▸ Given information
▼
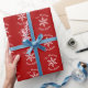 This wrapping paper features a simple geometric snowflake on a deep red background with editable text above and below. Personalize the wrapping paper right on the product page with the recipient’s and gifter’s names or with a seasonal greeting like “Merry” above and “Christmas” below. Featuring original art from Dogwood & Thistle. If using a seasonal greeting, can recommend using capitals and putting spaces between each letter, I.e. M E R R Y and. C H R I S T M A S
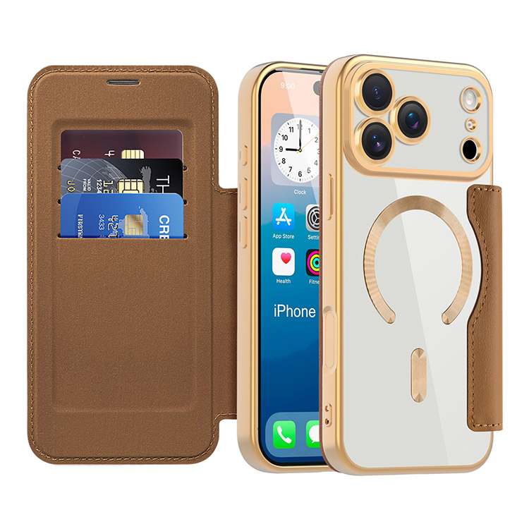 AWSTIN Casebus Wallet Phone Case Compatible with MagSafe, Built in Camera Lens Protector, Flip Folio, Card Holder, Shockproof, Support Wireless Charging, Leather & Transparent Cover
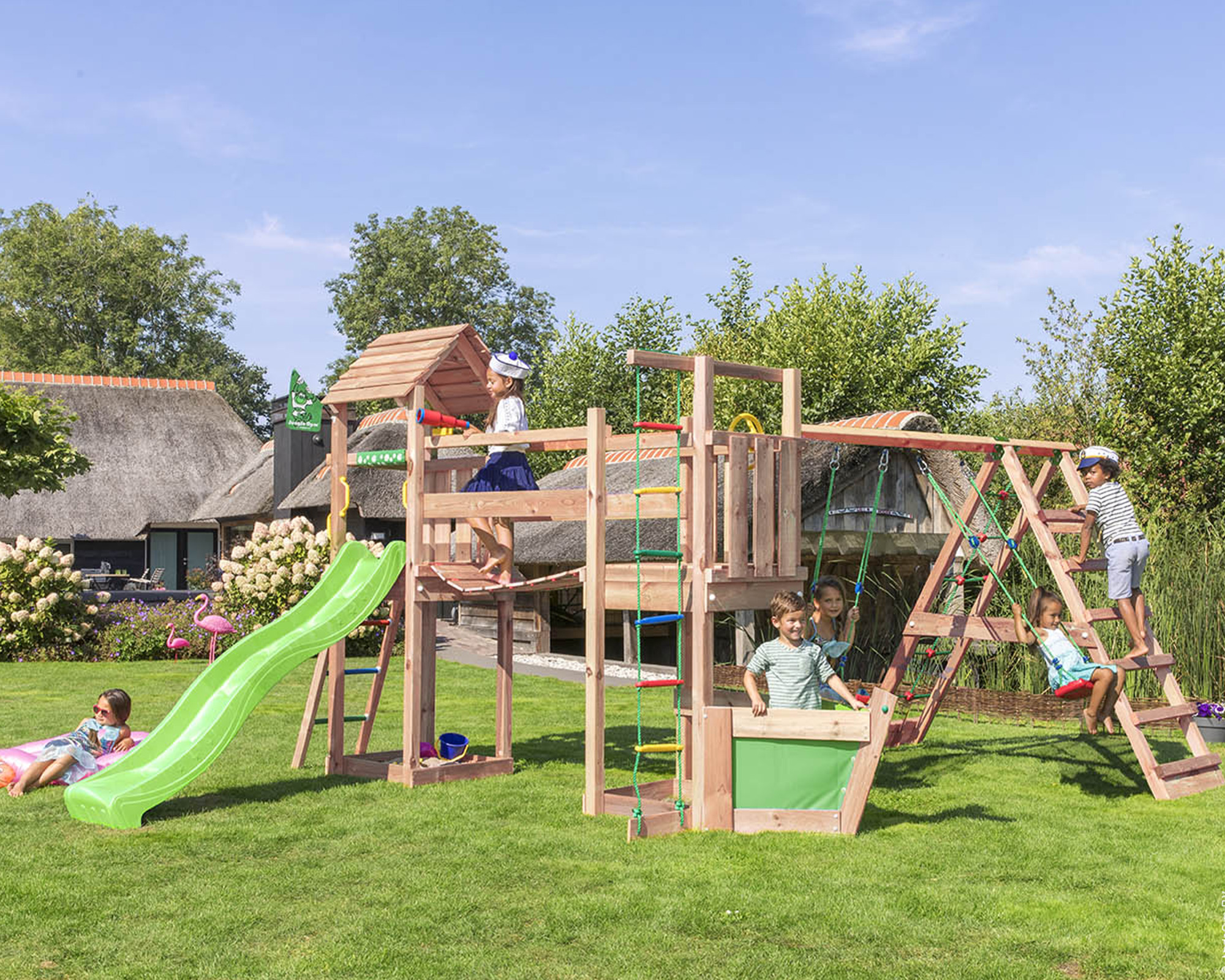 Der Spielturm Voyager Douglasie Jungle Gym - Ein kreativer Doppelspielturm mit Schiffsbug und Hängebrücke.
▲
▸ Work to complete
Print only the lines running from the line that contains "AWSTIN Casebus Wallet" to the final line of the listing, both included. Omit every picture.

▸ Reply to the exercise
 AWSTIN Casebus Wallet Phone Case Compatible with MagSafe, Built in Camera Lens Protector, Flip Folio, Card Holder, Shockproof, Support Wireless Charging, Leather & Transparent Cover
 Der Spielturm Voyager Douglasie Jungle Gym - Ein kreativer Doppelspielturm mit Schiffsbug und Hängebrücke.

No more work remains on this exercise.